The default set can identify a) all namespaces the user is
permitted to access (e.g., all namespaces associated with the
authenticated user's account), or b) a subset thereof.
[0066] After the identifier(s) of authorized namespace(s) to search
have been determined, a network request including query 330 and the
identifier(s) of authorized namespace(s) to search may be sent from
front-end server 304 to routing server 308 for further processing
of query 330 by processor 310. In some embodiments, the network
request (or query 330) can also include a user identifier (e.g.,
associated with the user's account), a type of event (e.g., add,
edit, modify, delete, comment, view, share, etc.), a time range,
one or more attributes (e.g., action type, path, document
identifier, etc.), and/or a maximum number of results.
[0067] In response to receiving the network request from front-end
server 304 including query 330 and the identifier(s) of the
authorized namespace(s) to search, processor 310 at routing server
308 determines one or more index servers 316 to which to route
query 330. This determination may be made based on results of
routing server 308 applying deterministic mapping function 312 to
each of the identifier(s) of the authorized namespace(s) to search.
The deterministic mapping function 312 and mapping index 314, given
an identifier of an namespace, may be used by routing server (e.g.,
308) to determine an index server (e.g., 316B) that stores a
sharded event index (e.g., 320.sub.n) that indexes documents in the
given namespace.
[0068] According to some embodiments of the invention,
deterministic mapping function 312 applies a one-way hash function,
a simple hash function, a consistent hash function, or the like to
a namespace identifier to search in order to determine an sharded
event index (e.g., 320.sub.n) to which the namespace is assigned.
To make this determination, processor 310 at routing server 308 may
have access to mapping index 314. Together, deterministic mapping
function 312 and mapping index 314 provide a way for processor 310
at routing server 308 to determine a hostname or a network address
of an index server (e.g., 316B) at which a sharded event index
(e.g., 320.sub.n) containing indexes for a given namespace is
stored.
[0069] In some embodiments of the invention, deterministic mapping
function 312 may include a hash mechanism and a modulo mechanism.
Hash mechanism may accept a namespace identifier as input (e.g.,
character string data representing the namespace identifier) and
may produce a hash value hv as output.
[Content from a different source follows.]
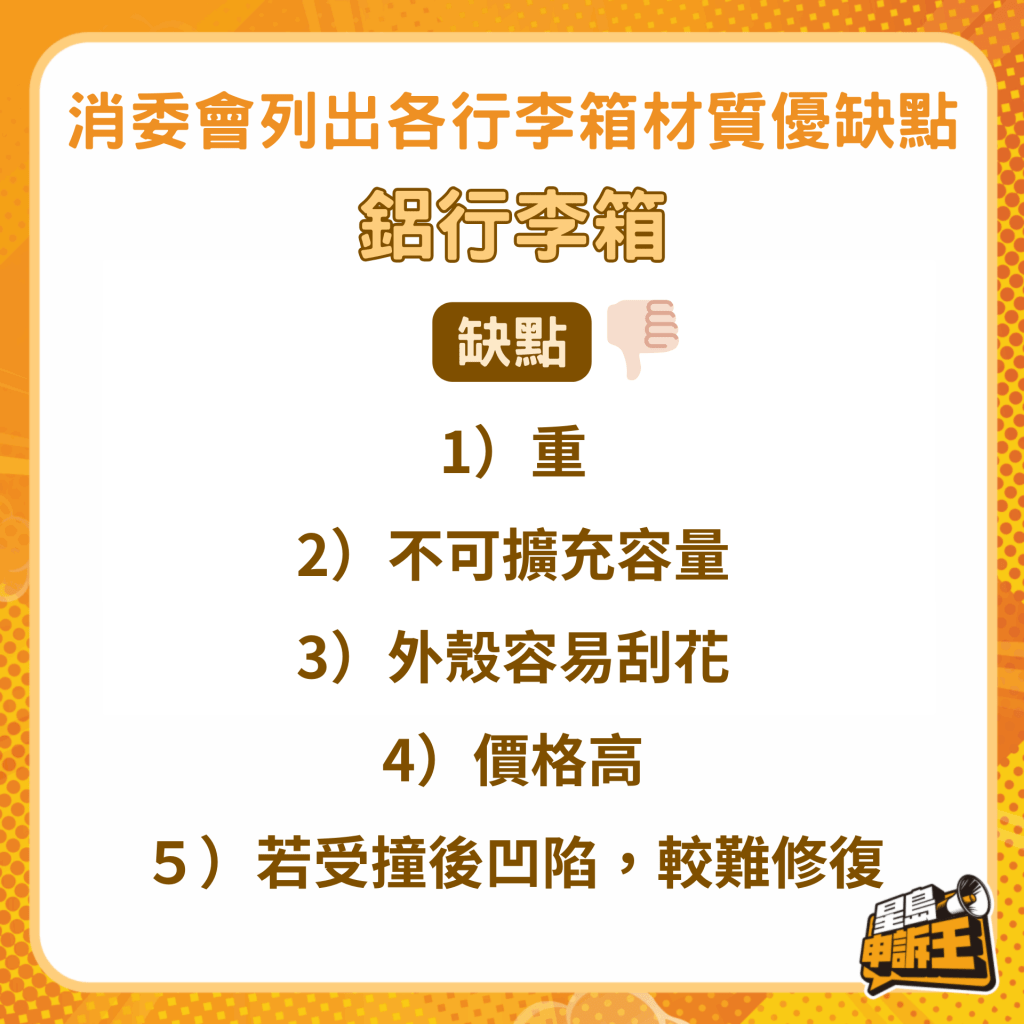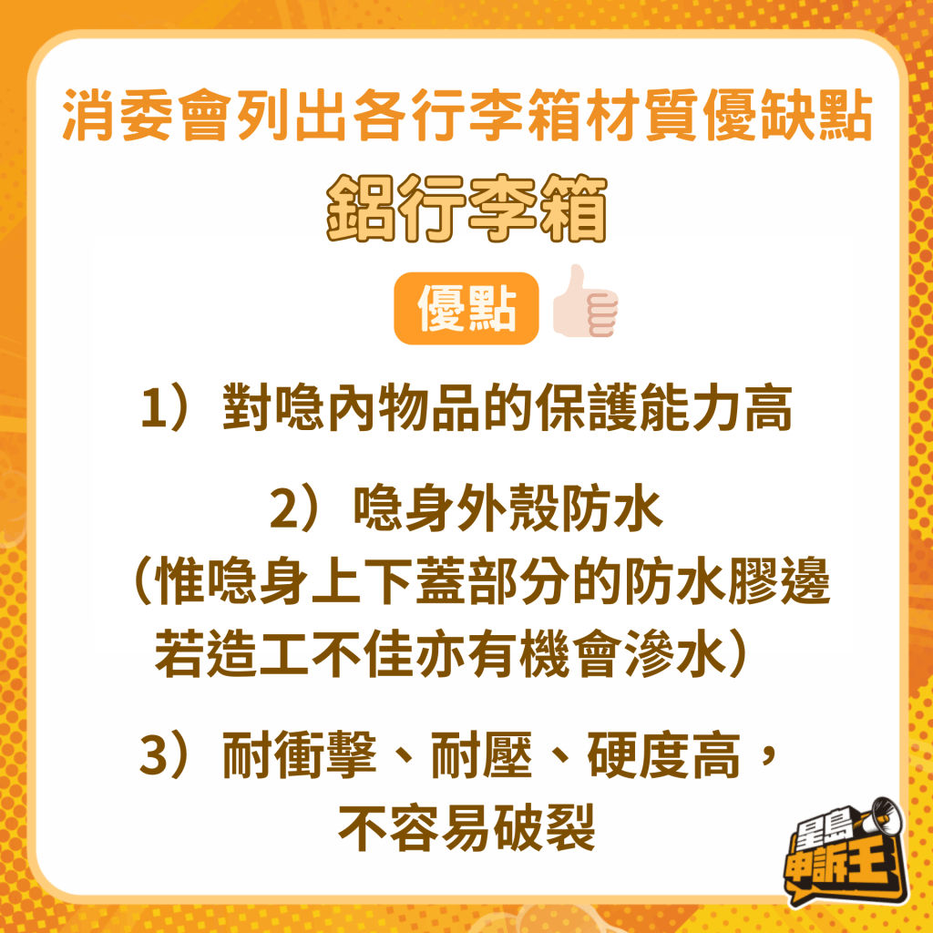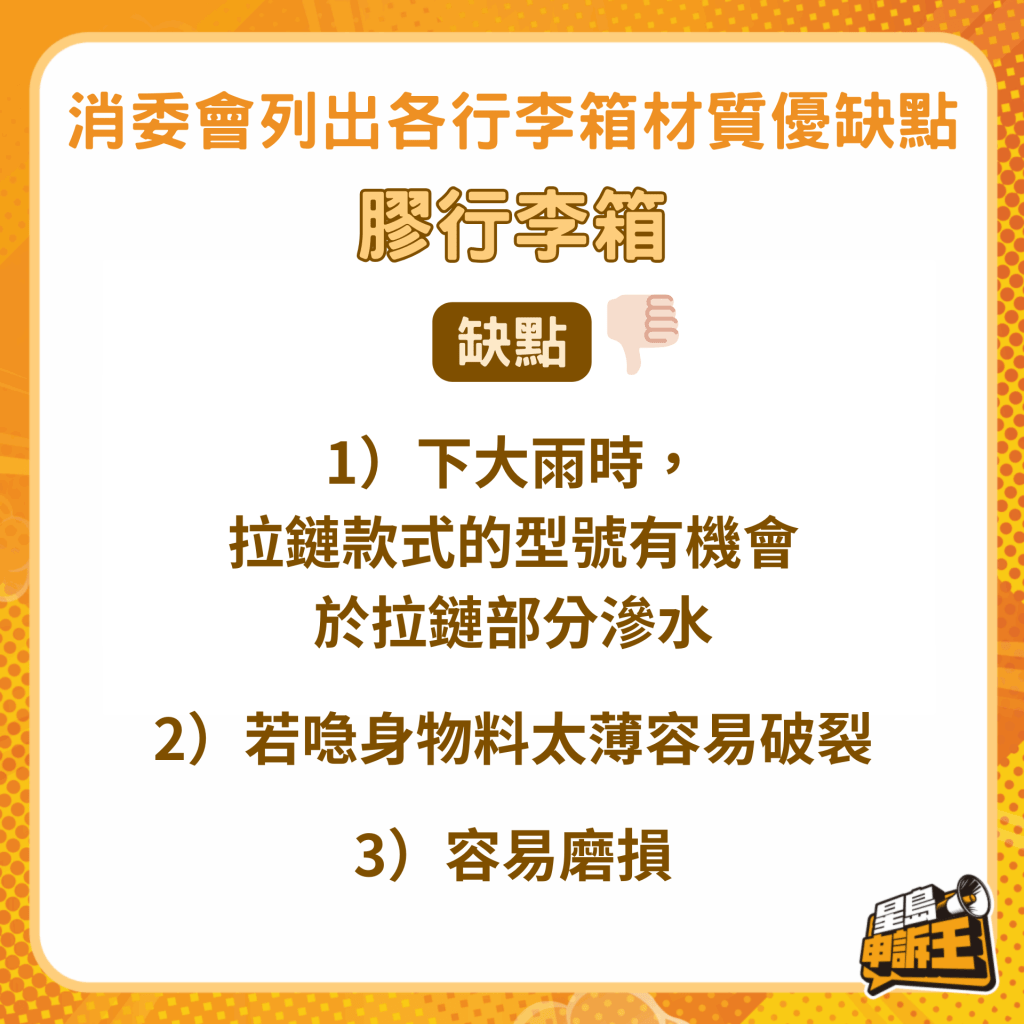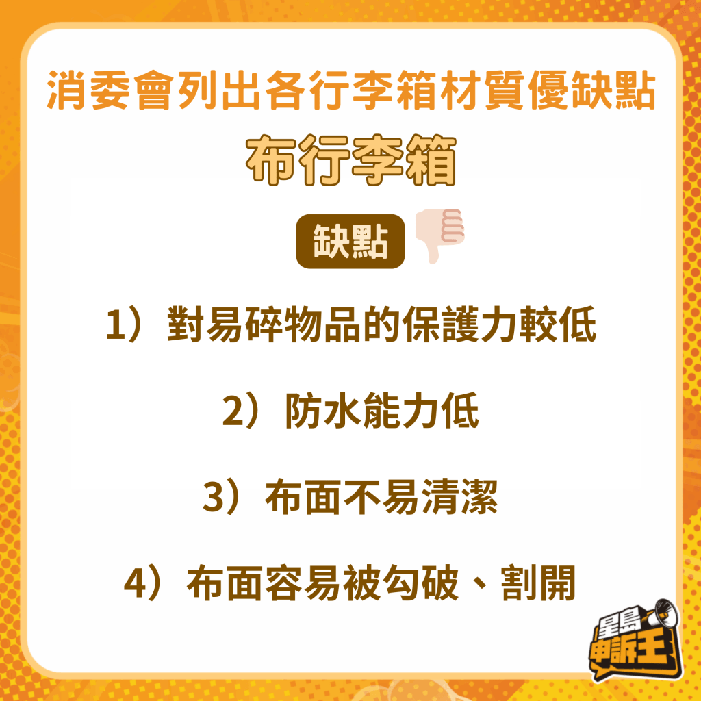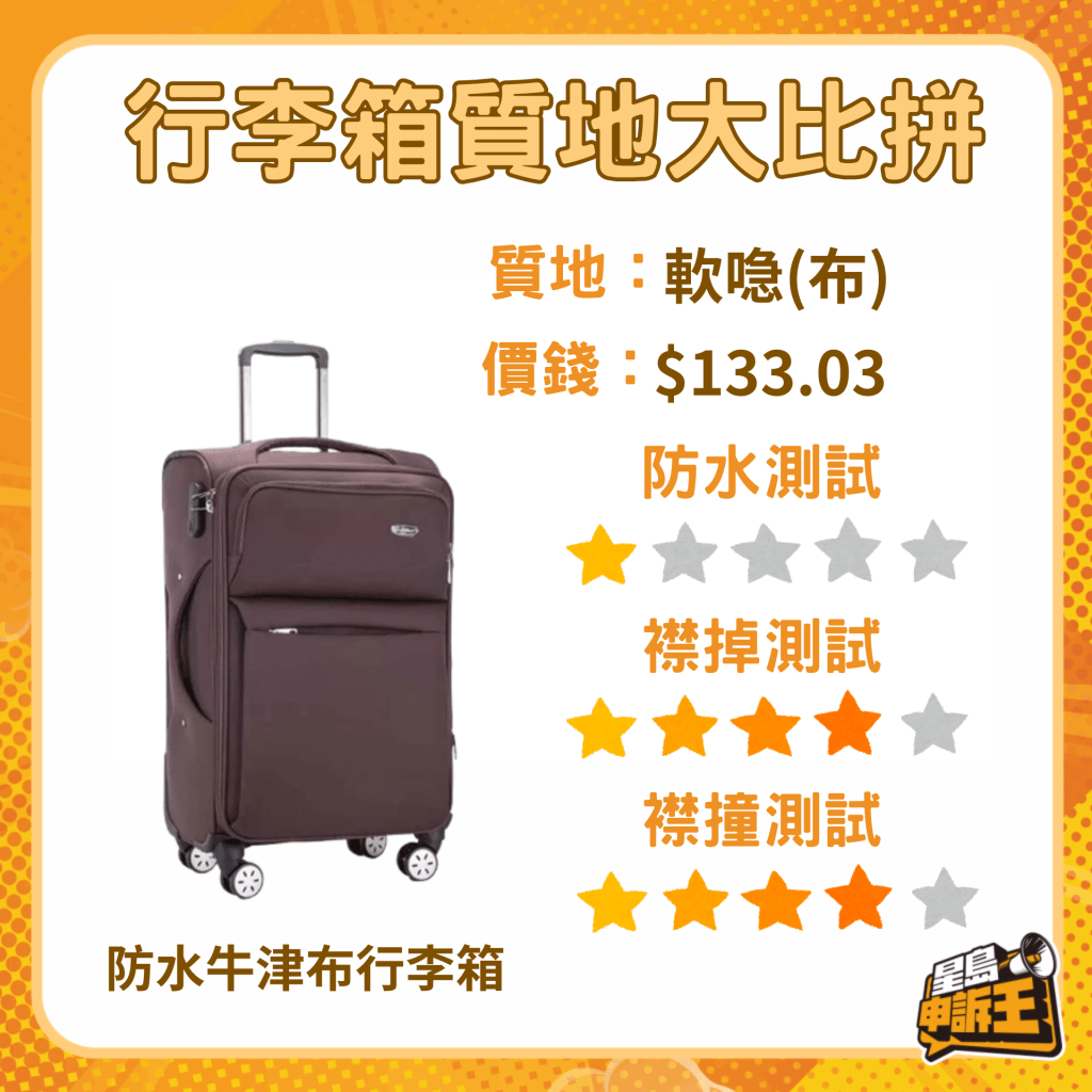 消委會回復《星島申訴王》指,按其去年的測試結果,以塑膠制造的硬行李箱耐跌撞能力較高,布行李箱則需留意其車線位造工,若造工不佳便會在跌撞或擠壓后有爆裂的風險。

For example, the hash
mechanism may comprise the MD4, MD5, SHA-1, or SHA2 message-digest
algorithm which, when applied to a namespace identifier provided as
input, produces a hash value (e.g., a 32-bit hash value) as output.
The modulo mechanism may compute the remainder r of division of the
hash value hv by a modulus k, thereby mapping the input namespace
identifier to one of k values in the range of 0 to k-1. The value
of the modulus k may be selected based on a variety of different
factors including, for example, the number of actual, expected, or
desired index servers 316, the number of actual, expected, or
desired namespaces indexed by event indexes 320.sub.n, and/or the
number of actual, expected, or desired namespaces groups. In one
exemplary embodiment, the value k is a power of 2 and equals at
least 1024.
[0070] In some embodiments of the invention, mapping index 314
includes an entry for each index servers 316. Each such entry is
keyed by one or more non-overlapping sub-ranges in the range 0 to
k-1. For example, a first entry E1 in mapping index 314 may have a
key including the values K1 and K2 defining a first range of
consecutive values in the range 0 to k-1 and a second entry E2 in
mapping 214 may have a key including the values K3 and K4 defining
a second range of consecutive values in the range 0 to k-1 where
the first range K1 to K2 does not overlap the second range K3 to
K4.
[0071] When processor 310 at routing server 308 applies
deterministic mapping function 312 to a given namespace identifier,
a value r in the range 0 to k-1 may be produced. Processor 310 at
routing server 308 may then consult mapping index 314 with the
value r to identify the entry for which r is within the range of
the entry key. A hostname or network address of this entry may
identify an index server (e.g., 316) at which sharded event index
(e.g., 320.sub.n) that indexes events belonging to the given
namespace are stored.
[0072] In some embodiments of the invention, the namespaces
assigned to a sharded event index (e.g., 320.sub.n) are grouped
into a fewer number of namespace groups of the sharded event index
so as to reduce the number of index files stored at the index
server (e.g., 316) at which the sharded event index is stored. In
other words, within an index shard (e.g., 320.sub.n), the
namespaces assigned to the sharded event index may be partitioned
into namespace groups (e.g., partitions 318). Each such namespace
group may comprise multiple namespaces.
[0073] Although, in FIG. 3, mapping index 314 is shown separately
from deterministic mapping function 312 and processor 310 at
routing server 308, mapping index 314 may be a component of
deterministic mapping function 312 or a component of processor 310
at routing server 308. Further, each routing servers 308 may have
access to mapping index 314. In this case, a copy of mapping index
314 may be stored (cached) at each routing servers 308 for
efficient access. In addition or alternatively, mapping index 314
may be made available to routing servers 308 as a network service.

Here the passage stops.